Enfin, il me faut préciser que j’ai accordé aux observations le même statut qu’aux entretiens. D’une part, ces procédés de recueil ont été considérés comme des outils de vérification et de contrôle réciproques. D’autre part, les entretiens comme les observations mettent en scène la subjectivité des protagonistes de l’enquête (y compris celle du chercheur – sur sa manière de conduire les entretiens ou de transcrire ses observations). C’est pourquoi j’ai choisi d’insérer, dans le texte final de ce travail, ces deux sources de connaissance de la même façon (interligne et marge identiques).

64 Privilégier le journal au dictaphone ne veut pas dire que j’ai n’ai plus mobilisé l’entretien comme procédé de recueil des données. Je l’utilisais à des moments choisis. Par exemple, durant ces quelques années de terrain, de nouvelles personnes sont venues agrandir le réseau d’interconnaissance de l’enquête. Ces personnes ont conforté mon ancienneté dans le groupe : je n’étais plus le « bleu » des premières rencontres. Et ce statut d’ancien m’a autorisé à interroger les nouveaux membres par entretien.

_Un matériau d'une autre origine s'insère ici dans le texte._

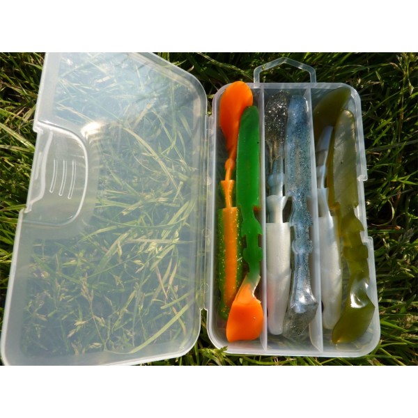3 Shads articulés de 14 cm pour le bar, le lieu, le brochet ou autres carnassiers. S'utilise avec une monture ARMORVIF 12 à 40 g ou la tête plombée de votre choix.

Bref, ma présence parmi les enquêtés s’est peu à peu banalisée. C’est alors que des discussions plus personnelles ont émergé : les effets de la solitude ou de la stigmatisation pour certains, la nostalgie du pays d’origine ou les aspirations profondes pour d’autres, etc. C’est aussi à ce moment que j’ai pu accéder à des pratiques qui d’ordinaire restent privées (organisation de l’espace d’habitation, de la vie familiale, pratiques religieuses, etc.).

Enfin, avec quelques interlocuteurs privilégiés, je suis revenu régulièrement sur les scènes observées afin de restituer au mieux la cohérence de ce que j’avais vu et entendu. Ces « retours sur observation » ont été importants dans l’investigation. À ces occasions, mes interlocuteurs, avec leurs propres mots, ont qualifié les situations que nous avions vécues ensemble, ont commenté leurs activités, interprété les réactions des uns et des autres. Bref, ils ont livré leur rapport au monde et ont donné un sens à leurs pratiques.

Le passage d’un statut « découvert » à un statut « couvert », des entretiens aux observations, m’a permis d’observer d’un peu plus près les conduites des personnages de l’enquête et d’avoir accès à des dimensions plus subjectives de leur expérience migratoire.